Not much to him yet - he just got born Saturday morning. That's Dad in the nest and Mom is on the left she just finished removing his egg shells.

NAB


----------



## TheSnipes (Apr 9, 2007)

Everybody repeat after me..._"AAAWWWWWWWWWWWWWWW!!!" _ 

What an adorable little slip of a thing! Mom & dad look soooo pleased!


----------



## Feefo (Feb 8, 2002)

Adorable!

Cynthia


----------



## Skyeking (Jan 17, 2003)

What a precious newly hatched baby! Thanks again for sharing.


----------



## maryjane (Jul 15, 2006)

Congratulations!! How cute.


----------



## mr squeaks (Apr 14, 2005)

*CONGRATULATIONS TO THE PARENTS and you, too, Nab!*  

So...ah...just out of curiosity, Nab...how many birdies are you planning to have of pijies and doves?

Love, Hugs and Scritches

Shi & Squeaks


----------



## nabisho (Nov 18, 2004)

*The plan is*

if this keeps up I will win the Megabucks jackpot and build two 80' X 100' aviaries, one for the pijs and one for the doves.

NAB


----------



## mr squeaks (Apr 14, 2005)

nabisho said:


> if this keeps up I will win the Megabucks jackpot and build two 80' X 100' aviaries, one for the pijs and one for the doves.
> 
> NAB


I LOVE your attitude!! YEEHAW!! Go for the GUSTO!!  

Shi


----------



## EgypSwiftLady (Jan 14, 2008)

Definitely a teeny, tiny cutie! I would love to see photo's of the lil' bee bopper as it grows. 

Robin.


----------



## Maggie-NC (Jun 22, 2005)

Nab, it is hard not to let them breed because the babies are just so darn cute!

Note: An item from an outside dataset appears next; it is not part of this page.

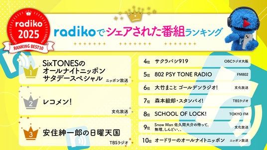 ※集計方法:2025年1月1日~12月31日の期間に、radikoで聴かれた各番組全放送回の聴取者数(ライブ・タイムフリー・タイムフリー30・エリアフリー合算)をランキング化しています

Congrats on this new sweet baby. He is adorable.


----------



## sheridangirl (Jan 9, 2008)

That baby is soooo cute... I am new to this whole pigeon thing and this is going to be a *dumb* question. Are those pigeons or doves?
Thanks for the education


----------



## TAWhatley (Mar 6, 2001)

sheridangirl said:


> That baby is soooo cute... I am new to this whole pigeon thing and this is going to be a *dumb* question. Are those pigeons or doves?
> Thanks for the education


Those are ringneck doves .. Nab designates the dove babies with the letter "D" and the pigeons with the letter "G" .. the "D" I understand .. I forget or never knew how the "G" came to be for the pigeons  Somebody here will know or Nab will tell us the next time he is on.

Terry


----------



## Maggie-NC (Jun 22, 2005)

I don't think Nab will mind if I post this link which will explain why his pigeons are all named with the letter G, followed by a number. For the newer members, Nab and his girlfriend help rescue many birds of all kinds. 

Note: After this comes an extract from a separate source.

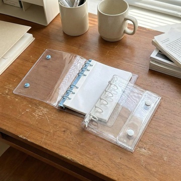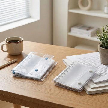 明亮色彩3D渲染效果,一个粉红色封面的活页笔记本平摊打开,露出空白的米白色内页,纸张纹理细腻清晰,左侧装订处有粉色金属活页环,排列整齐,右侧边缘装饰着彩色标签,从上到下依次为黄色、蓝色、粉色和紫色,每个标签上都有白色文字,背景是柔和的粉紫色渐变,整体风格清新简约,光影柔和自然,具有明显的立体感和材质感,呈现出干净整洁的设计感,无LOGO、电话地址及二维码。

http://www.pigeons.biz/forums/showpost.php?p=182147&postcount=7


----------



## TAWhatley (Mar 6, 2001)

Lady Tarheel said:


> I don't think Nab will mind if I post this link which will explain why his pigeons are all named with the letter G, followed by a number. For the newer members, Nab and his girlfriend help rescue many birds of all kinds.
> 
> http://www.pigeons.biz/forums/showpost.php?p=182147&postcount=7


Thank you, Maggie!

Terry


----------



## nabisho (Nov 18, 2004)

*Looks like D7 is taking after his Dad*

He's thriving and it looks like he is going to be a pure white albino like his Pops.

NAB


----------



## Lovebirds (Sep 6, 2002)

OH......what a cutie pie!!


----------